Dr Michael Mosley says serious liver health condition can be cured with diet change

Healthy eating expert Dr Michael Mosley has explained how a kind of diet can stop a potentially lethal condition. Dr Mosley was speaking out about non-alcohol related fatty liver disease.

He explained that livers clear the toxins from our blood, as well as producing bile, a fluid that helps people digest and absorb fats. However he said that rates of the disease were soaring - leading to many more fatal cases.

But he said there was a way of changing how you eat which would have a major impact on the condition - by reducing chronic inflammation and preventing the liver from developing cancer. He said liver disease had been on the rise - quadrupling in the last four years, in his Mail Online column https://www.dailymail.co.uk/health/article-13429961/michael-mosley-gut-health-parasite-swallow-tapeworm.html.

He said: “A lot of that is due to rising rates of obesity, which has led to a surge in non-alcohol related fatty liver disease (NAFLD). A normal, healthy liver should contain little or no fat, but when you put on more weight than your body can comfortably handle, some of that fat gets stored in your liver.

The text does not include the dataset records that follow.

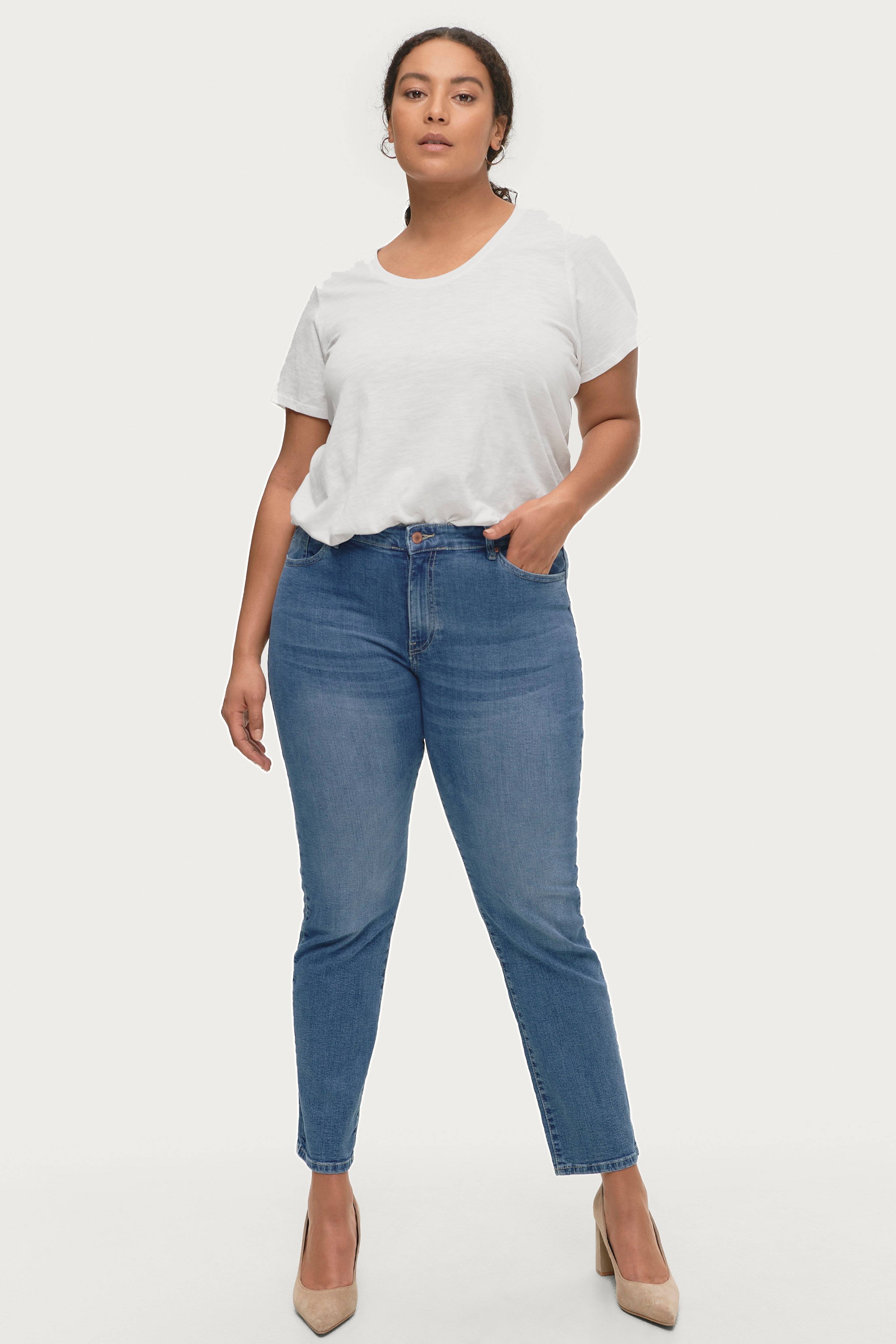 Jeans Lex Straight. Model i fin stretchdenim med lige ben og lige benkanter. Tre forlommer og høj talje med lynlås i gylpen samt to påsyede baglommer. Benlængde ca. 76 cm i alle størrelser.
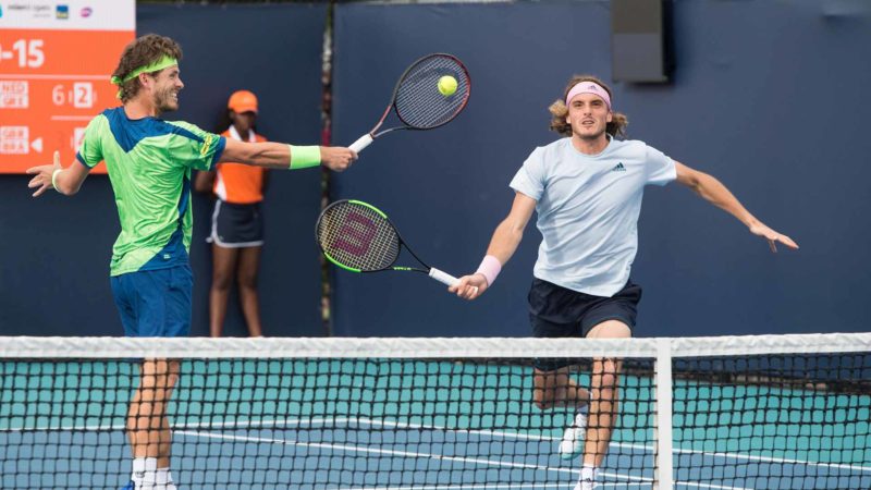 Τα… σπασμένα του αποκλεισμού του από τον Ντένις Σαποβάλοφ φαίνεται πως βγάζει ο Στέφανος Τσιτσιπάς στο διπλό του Miami Open.
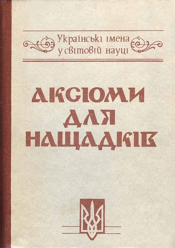 Аксіоми для нащадків: українські імена у світовій науці = Axioms for descendants : збірник нарисів / упорядкування і передмова Олега Романчука. – Львів : Меморіал, 1992. – 540, [3] с., [12] арк. іл. – ( в паліт.) ISBN 5-8690-010-6.
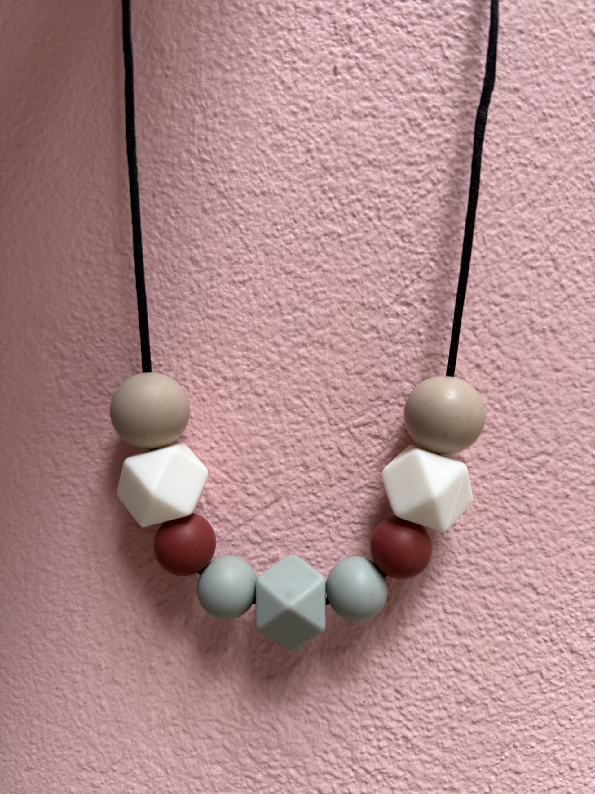 Να φοράς τα αγαπημένα σου κολιέ με μωρό είναι δύσκολο, ειδικά όταν τα μικροσκοπικά χεράκια θέλουν να πιάσουν, να τραβήξουν και να μασήσουν τα πάντα. Όμως, πως σου φαίνεται ένα κολιέ που ταιριάζει στις αποχρώσεις που συνηθίζεις να φοράς και ταυτόχρονα είναι ασφαλές και διασκεδαστικό για το μωρό σου..
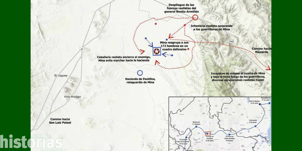 Después de la triunfante batalla en Valle del Maíz (San Luis Potosí) el 8 de junio, Mina se enteró de que el comandante Armiñán lo seguía a marchas forzadas desde Altamira, junto con un numeroso cuerpo de caballería e infantería. El general avanzó con rapidez por las planicies desérticas, carente de agua y provisiones, con sus guerrilleros sumamente fatigados y hambrientos, hasta llegar a la hacienda de Peotillos el 14 de junio por la noche.

“Up to one in three people in the UK now has early-stage NAFLD which, if left untreated, can lead to serious liver damage, including cirrhosis and liver failure. Signs of advanced NAFLD include tiredness, confusion, dark urine and itchy skin. If you do have any of these symptoms, see your doctor.”

Dr Mosley said medical treatment was unable to cure the disease but said a fasting diet had proved to have a big impact on mice. He said: “Studies have shown intermittent fasting, particularly the 5:2 diet (cutting your calories two days a week), is an effective way to get rid of it.

“Is it just the loss in weight? Not according to research published last week in the journal Cell Metabolism. When researchers put mice on a 5:2 diet their livers produced two proteins that reduced chronic inflammation, but also helped protect the liver from going on to develop cancer. These proteins seem to work by preventing a build-up of fat in the liver. So, if you do develop signs of fatty liver disease, you know what to do.”